See "Solution 1" for the free page cache.
Note that this solution is rather inefficient, as copy-on-write semantics will trigger changes to the free dpage cache, which will in turn trigger more copy-on-write semantics. This situation eventually reaches a point of equilibrium, but it's possible that a single allocation can result in many pages needing to be copied.
The only time dpages are freed is when copy-on-write semantics occur. As mentioned above, if we use an Array for the page directory and remove the free page cache from the metadata, then copy-on-write is only triggered when writing to a shared allocation page. This forms a natural upper bound on the number of dpages which could be free at one time: the total number of all shared allocation pages.
However, there is actually another upper bound: the number of dirty pages. Every dirty dpage implies a dirty page, though a dirty page does not imply a dirty dpage (due to multipage allocations). In addition, dirty dpages are reused between syncs (each copy-on-write prefers to pull off the free dpage stack rather than use new disk space).

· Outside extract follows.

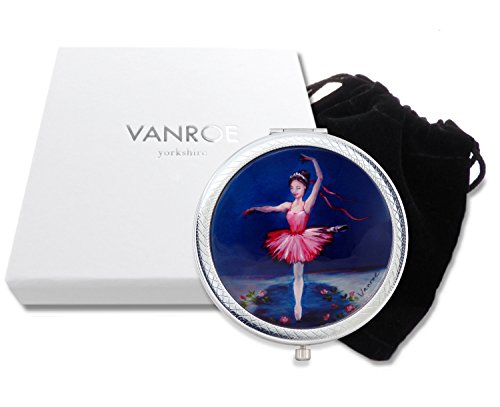 Vanroe 'Ballerina Princess' Designer Compact Mirror in Gift Box - For Teen Girl or Dancer, UK Artist, Magnified
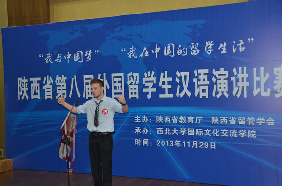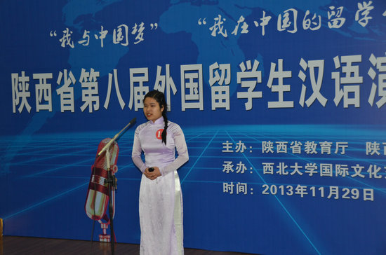 黄熙秀同学以《我的留学生活》为题,凭借其流利而富有感染力的汉语讲述了她来中国后喜欢上中国菜并学做菜的过程和感受;哈萨克斯坦东干学生刘帆以《我的中国梦》为题,用饱满、真挚的情感,流畅的语言表达了其深植于内心的对西安这片故土的感情;英国学生蓝天则以《我一定要成功》为题,讲述了他自己对成功的独特理解:即到中国学汉语,感受中国文化。整场比赛既是选手汉语学习水平的展示,也是思想观点的碰撞。

These two properties together form a second upper bound on the number of dpages free at any time.
So the upper bound on the number of free dpages is min(# shared allocation pages, # dirty pages)
. As seen above, the
number of dirty pages is limited to roughly 160. How big is a free dpage cache entry? Can we easily store up to 160 of
them? A free dpage is just an offset (in pages), ergo an 8-byte number. Therefore, a dedicated "free dpage cache" page
could store up to 512 entries (assuming no cache metadata): more than three times as many. This page would need
copy-on-write semantics as well, reducing the upper bound by one (since the free dpage cache page by definition takes
priority over pages being added to the free dpage cache).
The New Mars PMA goes to great lengths to leave the mapping from memory address to disk offset unchanged whenever possible. Doing so greatly reduces the complexity of the code, at the cost of an ever-growing pier which, under normal operation, will forever be as big as the high-water mark of its usage. This is an excellent trade-off to make for the following reasons:
- Pier size is probably more-or-less stable (doubtful that users are allocating and then deleting massive files)
- Disk is cheap
- Piers rarely move
- Thanks to the page directory, defragmentation is trivial
- If we really need to, we could zero pages on deallocation, which would make pier compression incredibly efficient
The original LMDB design uses a counter in the metadata which is incremented by the number of transactions. The New Mars PMA replaces this with two counters: epoch number and event number. This makes sense, considering that we would only want to sync 0 or 1 times per event: there is no case in which we would want to sync in the middle of processing an event.